TASK DESCRIPTION
Could you reproduce all the entries under this sentence exactly, leaving the images aside?

DATA TO EXAMINE
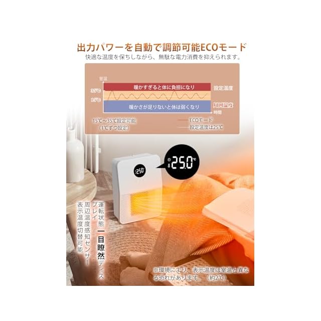 【風量3段階搭載・ECO運転機能】この最新型電気ファンヒーターは「高温風1200W」、「低温風800W」、「自然風8W」と「ECOモード」四つの温度モードが搭載されます。エコモードでは、温度は15℃~35℃まで1℃ごとに設定可能、また周囲温度に合わせて、出力レベルを自動的に切り替え、人体に快適な温度をキープしながら省エネに運転にします。セラミックヒーターの電源を切った後、ファンが引き続き運転「30秒送風散熱機能」、内部の熱量が完全に冷却して不意な怪我を防ぐ効果があります。
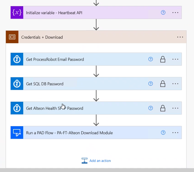 Handling data securely for personal health information is essential for the healthcare industry. USACS used secure inputs and outputs as well as Microsoft Azure cloud services, including Azure Key Vault, to manage sensitive information such as email and database passwords when bridging the data across Power Automate cloud flows and desktop flows.
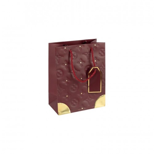 Подарунковий пакет із декоративним золотим оформленням — стильне рішення для презентабельного пакування товарів. Висота — 15 см, ширина — 12 см, ширина дна — 7 см. Матеріал — щільний картон із фактурним тисненням, ручка виконана з текстильного шнура. Золотий декор і посилені кутики розташовані на лицьовій стороні пакета. Компактний формат підходить для пакування прикрас, косметики, невеликих аксесуарів і сувенірів. Міцна конструкція та стійке дно забезпечують зручність під час перенесення. Товар вигідний для оптових магазинів і підходить для роздрібного продажу. Ціна вказана за 1 одиницю товару, продається упаковкою по 12 шт.
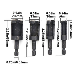 Paket: 1* Sechskantschaft Holzbearbeitung Zapfenstecker Bohrer Set (4 Stück)
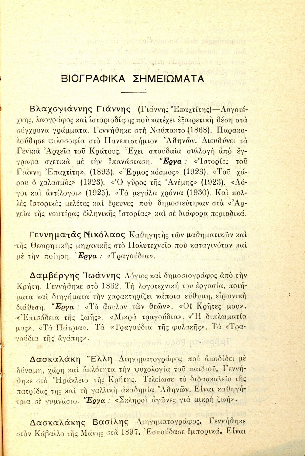 LDR 01584 2200229 4500 035 ## _a20-01418 040 ## _aΚΕΝΕΚ - Εταιρεία Σπουδών Νεοελληνικού Πολιτισμού και Παιδείας 041 ## _ael 100 ## _aΕιρήνη Δημητρακοπούλου _aΜαρία Πολυμενάκου 110 ## _a1418 245 0# _aΝεοελληνικά αναγνώσματα διά τους μαθητάς της Α΄ τάξη των Γυμνασίων και Ημιγυμνασίων 250 ## _a3η Έκδοση 260 ## _aΑθήνα _bΙωάννης Ν. Σιδέρης _c1936 300 ## _a210 _bΣκίτσα (ασπρόμαυρα) _c20 520 ## _aΣχολικό εγχειρίδιο Νέων Ελληνικών Α΄ Γυμνασίου που περιλαμβάνει κείμενα εμπνευσμένα από την αρχαία ελληνική ιστορία και μυθολογία, την σύγχρονη ελληνική ιστορία, τη ζωή στην ύπαιθρο και στην πόλη, και τη θρησκευτική παράδοση. Περιέχει και παράρτημα με βιογραφίες των συγγραφέων και λεξιλόγιο. 521 ## _aΑ' Γυμνασίου 522 ## _aΕλλάδα 546 ## _aΚαθαρεύουσα / Δημοτική 563 ## _aΜαλακό Εξώφυλλο 583 ## _a41719/26-8-1933 _c1933 650 #4 _aΙμβριώτη _aΠαλαμάς _aΠαπαδιαμάντης _aΠαπαρρηγόπουλος 700 ## _aΚαστανάκης, Σπαχής

ANSWER FOR THE TASK
 【風量3段階搭載・ECO運転機能】この最新型電気ファンヒーターは「高温風1200W」、「低温風800W」、「自然風8W」と「ECOモード」四つの温度モードが搭載されます。エコモードでは、温度は15℃~35℃まで1℃ごとに設定可能、また周囲温度に合わせて、出力レベルを自動的に切り替え、人体に快適な温度をキープしながら省エネに運転にします。セラミックヒーターの電源を切った後、ファンが引き続き運転「30秒送風散熱機能」、内部の熱量が完全に冷却して不意な怪我を防ぐ効果があります。
 Handling data securely for personal health information is essential for the healthcare industry. USACS used secure inputs and outputs as well as Microsoft Azure cloud services, including Azure Key Vault, to manage sensitive information such as email and database passwords when bridging the data across Power Automate cloud flows and desktop flows.
 Подарунковий пакет із декоративним золотим оформленням — стильне рішення для презентабельного пакування товарів. Висота — 15 см, ширина — 12 см, ширина дна — 7 см. Матеріал — щільний картон із фактурним тисненням, ручка виконана з текстильного шнура. Золотий декор і посилені кутики розташовані на лицьовій стороні пакета. Компактний формат підходить для пакування прикрас, косметики, невеликих аксесуарів і сувенірів. Міцна конструкція та стійке дно забезпечують зручність під час перенесення. Товар вигідний для оптових магазинів і підходить для роздрібного продажу. Ціна вказана за 1 одиницю товару, продається упаковкою по 12 шт.
 Paket: 1* Sechskantschaft Holzbearbeitung Zapfenstecker Bohrer Set (4 Stück)
 LDR 01584 2200229 4500 035 ## _a20-01418 040 ## _aΚΕΝΕΚ - Εταιρεία Σπουδών Νεοελληνικού Πολιτισμού και Παιδείας 041 ## _ael 100 ## _aΕιρήνη Δημητρακοπούλου _aΜαρία Πολυμενάκου 110 ## _a1418 245 0# _aΝεοελληνικά αναγνώσματα διά τους μαθητάς της Α΄ τάξη των Γυμνασίων και Ημιγυμνασίων 250 ## _a3η Έκδοση 260 ## _aΑθήνα _bΙωάννης Ν. Σιδέρης _c1936 300 ## _a210 _bΣκίτσα (ασπρόμαυρα) _c20 520 ## _aΣχολικό εγχειρίδιο Νέων Ελληνικών Α΄ Γυμνασίου που περιλαμβάνει κείμενα εμπνευσμένα από την αρχαία ελληνική ιστορία και μυθολογία, την σύγχρονη ελληνική ιστορία, τη ζωή στην ύπαιθρο και στην πόλη, και τη θρησκευτική παράδοση. Περιέχει και παράρτημα με βιογραφίες των συγγραφέων και λεξιλόγιο. 521 ## _aΑ' Γυμνασίου 522 ## _aΕλλάδα 546 ## _aΚαθαρεύουσα / Δημοτική 563 ## _aΜαλακό Εξώφυλλο 583 ## _a41719/26-8-1933 _c1933 650 #4 _aΙμβριώτη _aΠαλαμάς _aΠαπαδιαμάντης _aΠαπαρρηγόπουλος 700 ## _aΚαστανάκης, Σπαχής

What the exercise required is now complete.